> Requirement: Exactly what is written in the records below should be returned, minus the images.

---------- Data for this exercise ----------

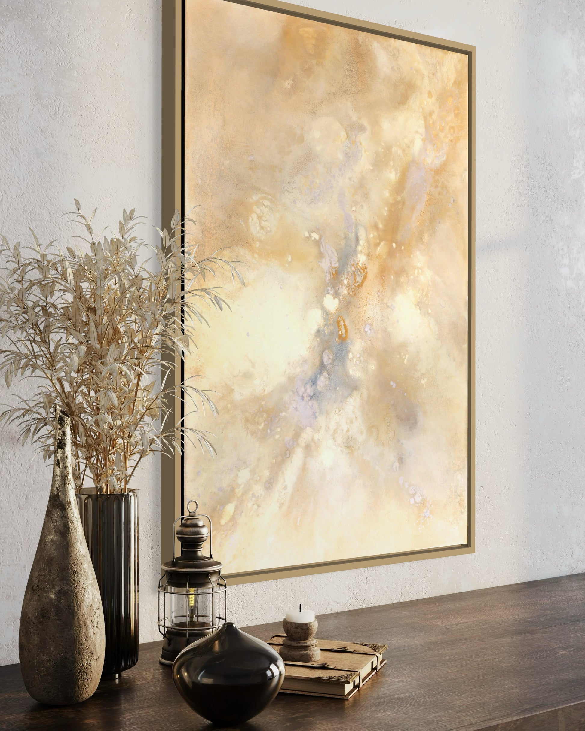 Perfekt für Wohnräume, Büros oder Galerien – "Elysium" bringt eine zeitlose Eleganz in jeden Raum. Gönn Dir ein Stück Paradies und lass Dich von der magischen Aura dieses Gemäldes verzaubern.
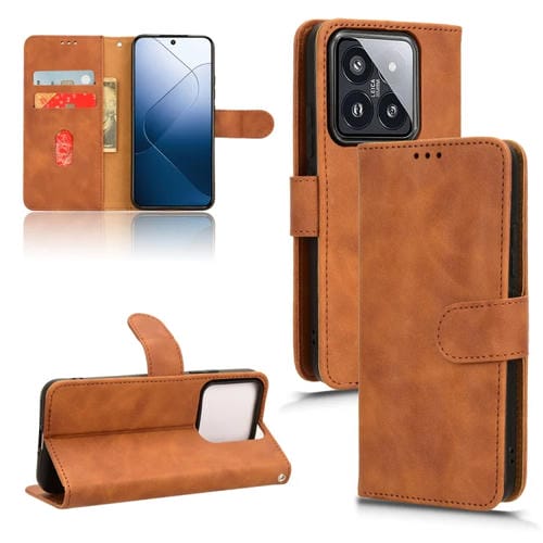 Para Xiaomi 14 Pro Skin Feel Funda De Teléfono De Cuero Con Tapa Magnética (Marrón)
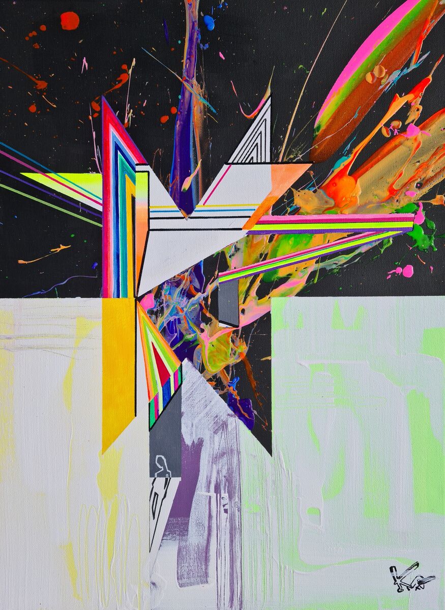Enjoy bold style, colors, and architecture? This inspiring geometric acrylic painting is a great choice for you! Explore all playful and precise details of this one-of-a-kind artwork! Architectural art for modern and stylish interiors! Used neon paints are glowing luminescent colors and glow under blue led lights.
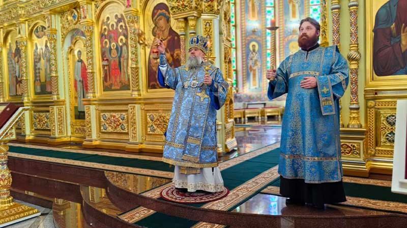 Его Высокопреосвященству сослужил ключарь кафедрального собора иерей Александр Брагин.
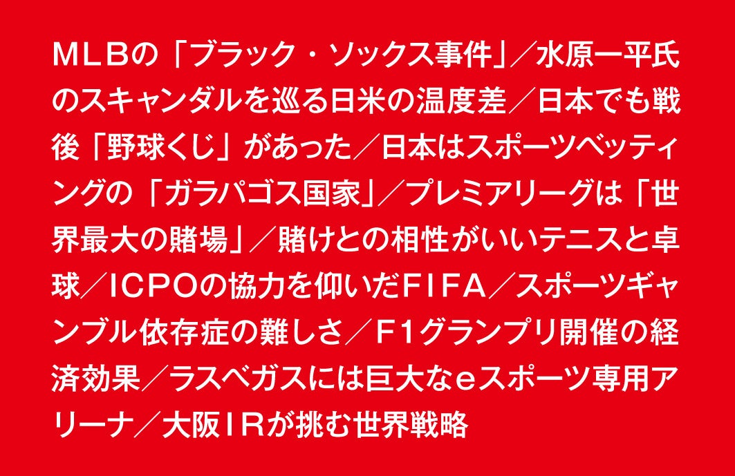本書は、賭博によって変質しているスポーツの事情、賭博やスポーツが街作りに直結しているラスベガスやシンガポールの事例の紹介、依存症対策、各種スポーツの賭博との関係など、関連する事象を網羅的に検証した一冊です。著者の相原正道氏は、スポーツビジネスの現場の経験を持つと同時に、現在は学者として関連する事象の調査・研究に携わっておられる第一人者です。類書は存在しません。こうした事象に興味をお持ちの方は、ご一読頂けましたら幸いです。
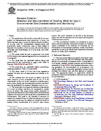 1.1 This guide covers the use of existing wells for environmental site characterization and monitoring. It covers the following major topics: criteria for determining the suitability of existing wells for hydrogeologic characterization and groundwater quality monitoring, types of data required to document the suitability of an existing well, and the relative advantages and disadvantages of existing large- and small-capacity wells.
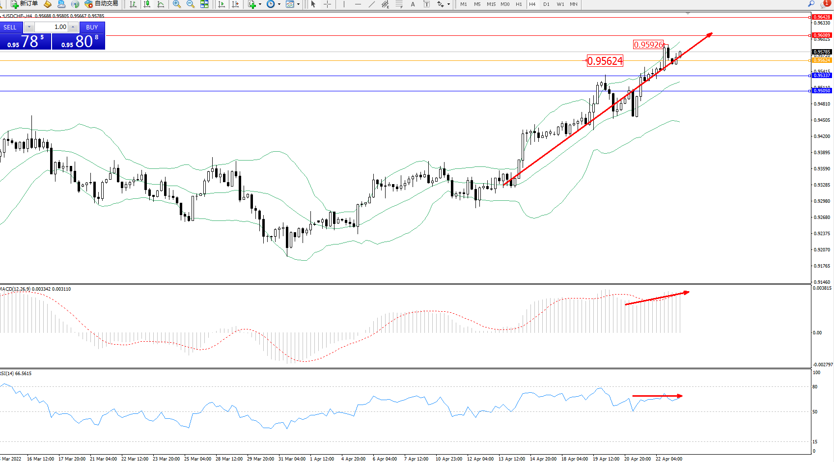美元兑瑞郎维持0.95788附近震荡,美元指数在前一交易日所及的两年高点附近持稳,降低瑞郎对于持有其他货币的买家的吸引力。在俄罗斯入侵乌克兰进入第三个月之际,乌克兰将在美国国务卿布林肯和国防部长奥斯汀预计于周日对基辅进行的访问中,要求美国提供更强大的武器。投资者仍需留意逢低买盘的支撑情况。
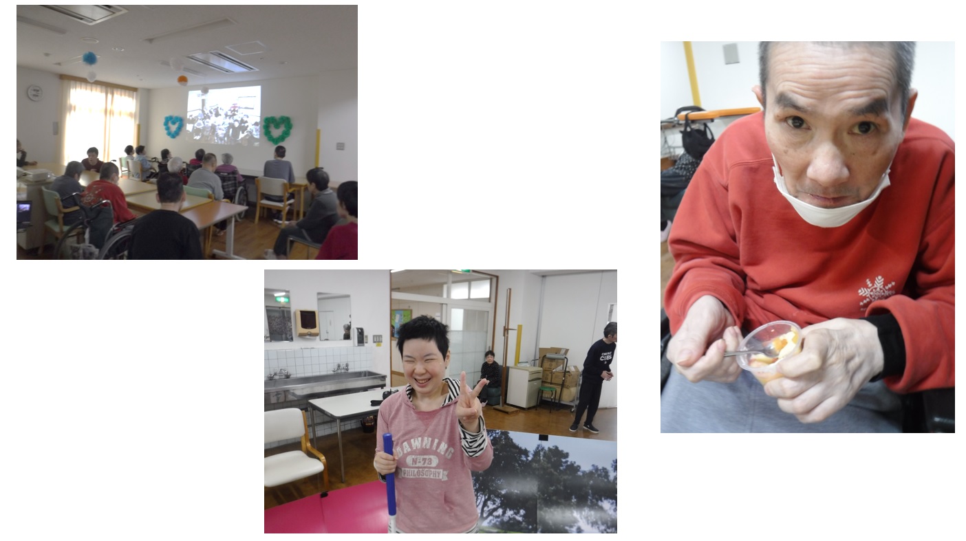 新着情報 2025.03.21 【入所】令和6年度お疲れ様会! ご利用者の皆様と令和6年度を振り返り、労をねぎらう会を行いました。 活動を振り返るスライドショーを見たり、初めての「インゴル」というスポーツにも挑戦! 「歩くことを頑張った。」「ワークにがんばった。」など自分の頑張った事を発表されました。 一年間を振り返り、思い出に浸りつつ新しい事にもチャレンジをされた皆様は 楽しそうな表情をされていました。 締めくくりにプリンアラモードを食べられました。 来年度もよろしくお願いします。 前へ 一覧へ 次へ
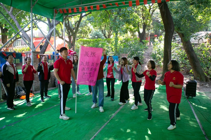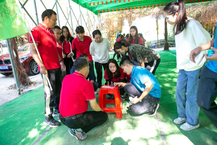随后,在团建游戏环节中,老师们进行团队竞技,一场智力和体力的精彩活动逐渐拉开了帷幕,老师们蓄势待发、齐心协力。加油声,欢呼声不断,将现场的气氛推向了高潮。比赛内容主要包括:智慧汉诺塔和齐心鼓击球。每一项比赛,都需要教师团队合作,才能最终取得胜利。教师团队顽强拼搏,昂扬向上的精神;相互包容,相互配合、相互扶持的良好品质展现无遗。大家在拉进彼此之间距离的同时,无形之中增强了集体的荣誉感、团队的凝聚力和执行力。各式各样的游戏展现了老师们独特的魅力与风采,增强了团队凝聚力。在学习党史的同时,各团队之间既合作又竞争,最终实现团队融合的目标,也培养了全体教职员工艰苦奋斗的精神,鼓励大家以热情饱满的面貌迎接未来的挑战。
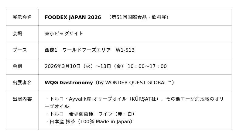 合同会社ワンダークエストグローバル(本社:東京都目黒区・海外本社:トルコ・イスタンブール、代表:川原優子、以下WQG)は、美食事業ブランド 「WQG Gastronomy」 として、2026年3月10日から13日まで開催の FOODEX JAPAN 2026(第51回国際食品・飲料展) に出展いたします。(ブース:西棟1 S-13 ワールドフーズエリア)
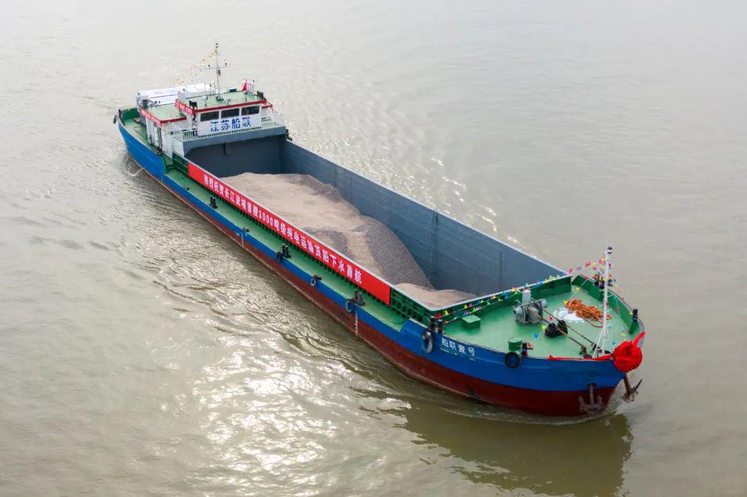 2月23日,由我国自主研制的载重3000吨级的电动货船在江心洲绿水街附近的码头下水启航,这是目前长江流域吨位最大的电动货船。
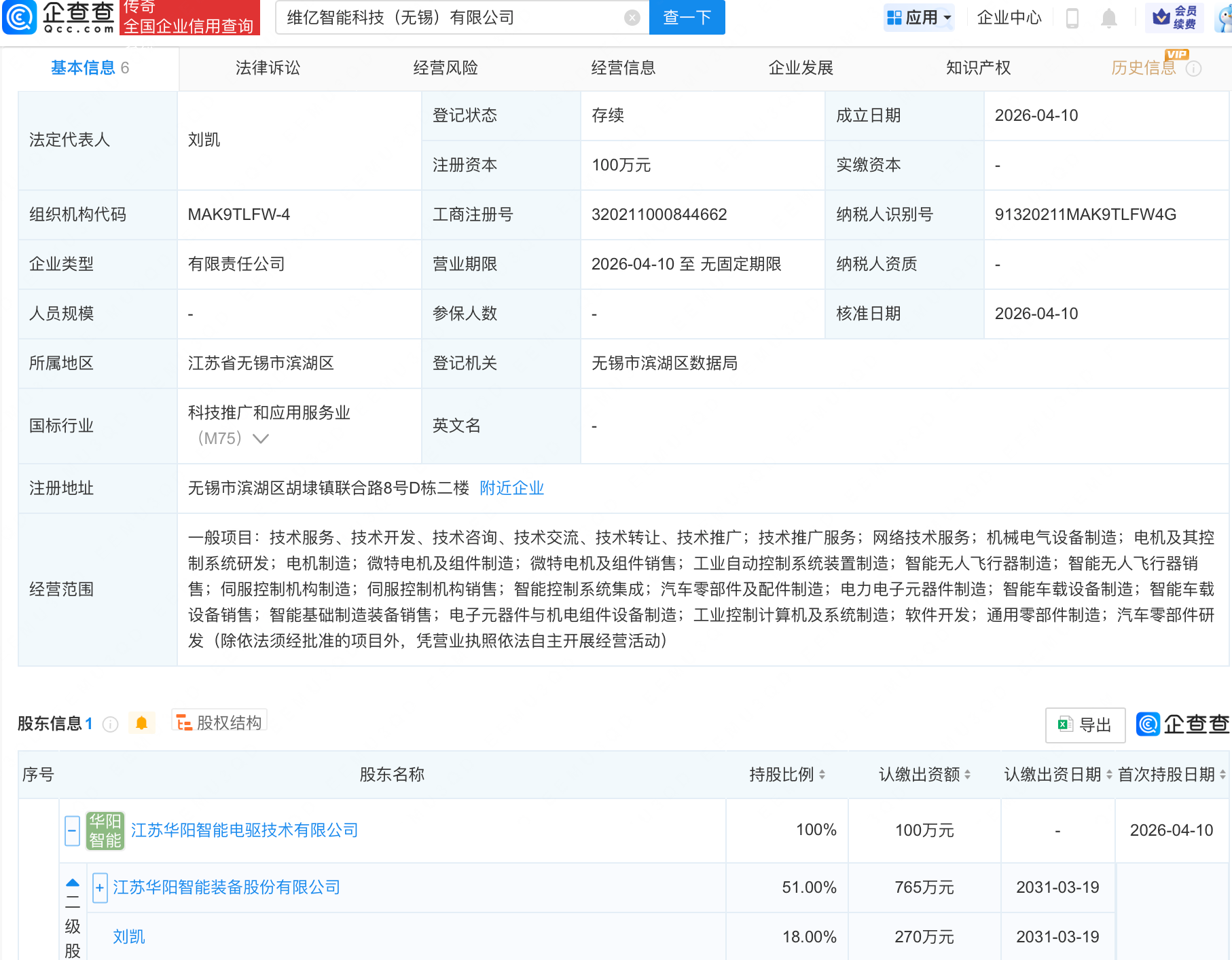 企查查APP显示,近日,维亿智能科技(无锡)有限公司成立,经营范围包含:智能无人飞行器制造;智能无人飞行器销售;伺服控制机构制造;伺服控制机构销售;智能控制系统集成等。企查查股权穿透显示,该公司由华阳智能(301502.SZ)旗下江苏华阳智能电驱技术有限公司全资持股。

----------

> Written solution:
 Perfekt für Wohnräume, Büros oder Galerien – "Elysium" bringt eine zeitlose Eleganz in jeden Raum. Gönn Dir ein Stück Paradies und lass Dich von der magischen Aura dieses Gemäldes verzaubern.
 Para Xiaomi 14 Pro Skin Feel Funda De Teléfono De Cuero Con Tapa Magnética (Marrón)
Enjoy bold style, colors, and architecture? This inspiring geometric acrylic painting is a great choice for you! Explore all playful and precise details of this one-of-a-kind artwork! Architectural art for modern and stylish interiors! Used neon paints are glowing luminescent colors and glow under blue led lights.
 Его Высокопреосвященству сослужил ключарь кафедрального собора иерей Александр Брагин.
本書は、賭博によって変質しているスポーツの事情、賭博やスポーツが街作りに直結しているラスベガスやシンガポールの事例の紹介、依存症対策、各種スポーツの賭博との関係など、関連する事象を網羅的に検証した一冊です。著者の相原正道氏は、スポーツビジネスの現場の経験を持つと同時に、現在は学者として関連する事象の調査・研究に携わっておられる第一人者です。類書は存在しません。こうした事象に興味をお持ちの方は、ご一読頂けましたら幸いです。
 1.1 This guide covers the use of existing wells for environmental site characterization and monitoring. It covers the following major topics: criteria for determining the suitability of existing wells for hydrogeologic characterization and groundwater quality monitoring, types of data required to document the suitability of an existing well, and the relative advantages and disadvantages of existing large- and small-capacity wells.
美元兑瑞郎维持0.95788附近震荡,美元指数在前一交易日所及的两年高点附近持稳,降低瑞郎对于持有其他货币的买家的吸引力。在俄罗斯入侵乌克兰进入第三个月之际,乌克兰将在美国国务卿布林肯和国防部长奥斯汀预计于周日对基辅进行的访问中,要求美国提供更强大的武器。投资者仍需留意逢低买盘的支撑情况。
 新着情報 2025.03.21 【入所】令和6年度お疲れ様会! ご利用者の皆様と令和6年度を振り返り、労をねぎらう会を行いました。 活動を振り返るスライドショーを見たり、初めての「インゴル」というスポーツにも挑戦! 「歩くことを頑張った。」「ワークにがんばった。」など自分の頑張った事を発表されました。 一年間を振り返り、思い出に浸りつつ新しい事にもチャレンジをされた皆様は 楽しそうな表情をされていました。 締めくくりにプリンアラモードを食べられました。 来年度もよろしくお願いします。 前へ 一覧へ 次へ
随后,在团建游戏环节中,老师们进行团队竞技,一场智力和体力的精彩活动逐渐拉开了帷幕,老师们蓄势待发、齐心协力。加油声,欢呼声不断,将现场的气氛推向了高潮。比赛内容主要包括:智慧汉诺塔和齐心鼓击球。每一项比赛,都需要教师团队合作,才能最终取得胜利。教师团队顽强拼搏,昂扬向上的精神;相互包容,相互配合、相互扶持的良好品质展现无遗。大家在拉进彼此之间距离的同时,无形之中增强了集体的荣誉感、团队的凝聚力和执行力。各式各样的游戏展现了老师们独特的魅力与风采,增强了团队凝聚力。在学习党史的同时,各团队之间既合作又竞争,最终实现团队融合的目标,也培养了全体教职员工艰苦奋斗的精神,鼓励大家以热情饱满的面貌迎接未来的挑战。
 合同会社ワンダークエストグローバル(本社:東京都目黒区・海外本社:トルコ・イスタンブール、代表:川原優子、以下WQG)は、美食事業ブランド 「WQG Gastronomy」 として、2026年3月10日から13日まで開催の FOODEX JAPAN 2026(第51回国際食品・飲料展) に出展いたします。(ブース:西棟1 S-13 ワールドフーズエリア)
 2月23日,由我国自主研制的载重3000吨级的电动货船在江心洲绿水街附近的码头下水启航,这是目前长江流域吨位最大的电动货船。
 企查查APP显示,近日,维亿智能科技(无锡)有限公司成立,经营范围包含:智能无人飞行器制造;智能无人飞行器销售;伺服控制机构制造;伺服控制机构销售;智能控制系统集成等。企查查股权穿透显示,该公司由华阳智能(301502.SZ)旗下江苏华阳智能电驱技术有限公司全资持股。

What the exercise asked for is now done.